AT THE TABLE AND BEYOND


from top left: Katherine serves "Two Soups Happy Together"; Cassie and Aki in conversation; plates mid-meal; Cassie and Aki post-revelation; order tickets staked on the table; Aki's thoughts on comedians; drinks on the table; Cassie's thoughts on comedians; Mission Dolores at dusk.


The table is the place of confessions. At the far back, in the corner, we're checking out everyone who's coming and going from the bathroom. 

Everyone looks at everyone, especially those people we know from Instagram, or even from real life, and my line of sight to the front door means I get to keep tabs on who's arriving. Nobody is leaving.

When the New Yorker uses the word "buzzy" to describe the scene at a restaurant, I guess this is what they're talking about. 

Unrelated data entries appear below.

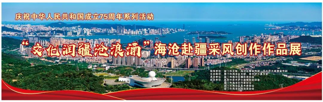 “文化润疆沧浪涌”庆祝新中国成立75周年暨海沧赴疆采风创作作品展于9月9日至9月16日展出2024年7月,由厦门市文联带队海沧区组织文艺家骨干深入吉木萨尔县开展采风创作交流,推动“文化润疆”走深走实。
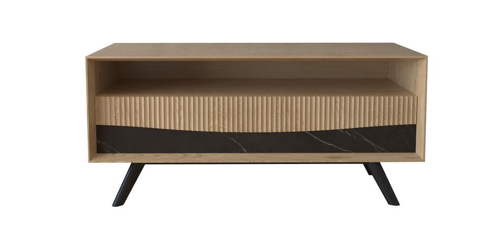 Meuble TV 2 tiroirs 1 niche bois et céramique
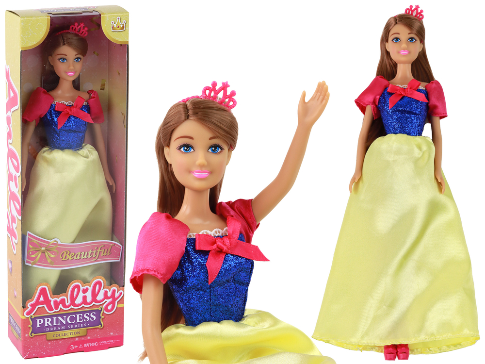Lalka Dla Dzieci Anlily Księżniczka Długie Ciemne Włosy Żółta Sukienka
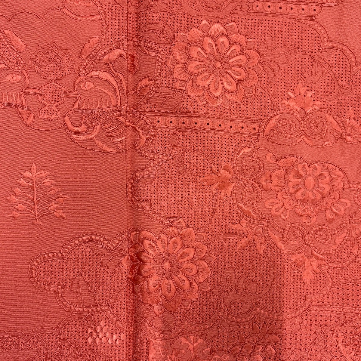 【美品】 道行 身丈84cm 裄丈64.5cm M 和装コート 角衿 扇面 菊 刺繍 ぼかし サーモンピンク 正絹 秀品
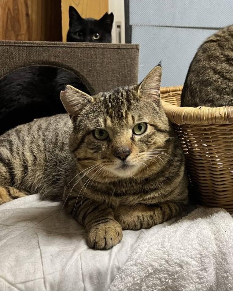 特徴:キジトラ。耳カットしています。鍵しっぽ。首輪はしていません。
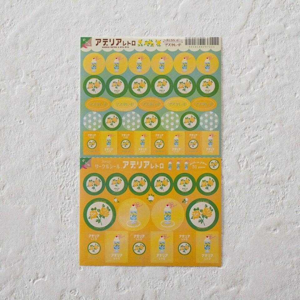 「アデリアレトロ」のグラスウェアをモチーフにしたサークルシールです。ロゴマークやパターン柄など、大小さまざまなシールがたっぷり51ピース入っています。シール台紙中央のミシン目で二つに切り離してシェアしたり、台紙裏面のスリットをはがせば手帳やノートに台紙ごと貼り付けたり、コンパクトに保管できる3wayサークルシールです。
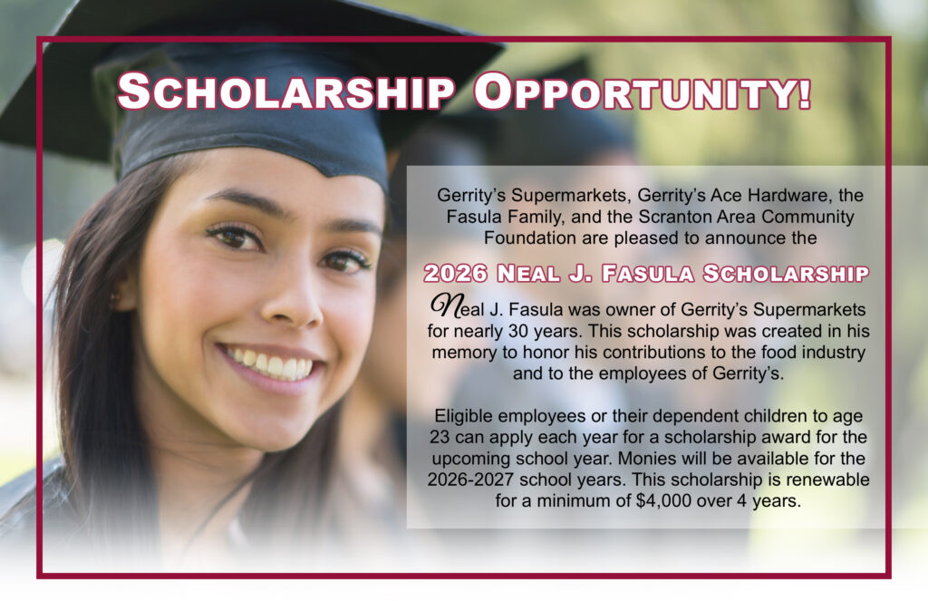 - You are the dependent child of a Gerrity’s Supermarket or Gerrity’s Ace Hardware employee, and your parent has worked with Gerrity’s for 3 years as of January 1, 2026. Parent employees must have worked a minimum of 1250 hours (24 per week per year).
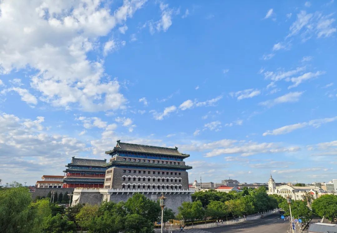 △蓝天白云下的毛主席纪念堂、正阳门城楼、正阳门箭楼(左至右,5月31日摄)。新华社记者 陈晔华 摄

The scene has showed up. The bartender who made me a Paloma on Saturday afternoon is here, as are the DJs, the painters, and the hot Australians.  

As we watch all these people and they watch us, the ricocheting noise of conversation and music creates an ambient and shifting blanket of privacy. So as we are very much on display, the confessional takes shape.

Here's the thing about age. On the internet, which takes up so much space that it becomes tantamount to or even surpasses the reality of reality, I am led to believe that this time in my life is about "Finding a Partner" or "Building my Career."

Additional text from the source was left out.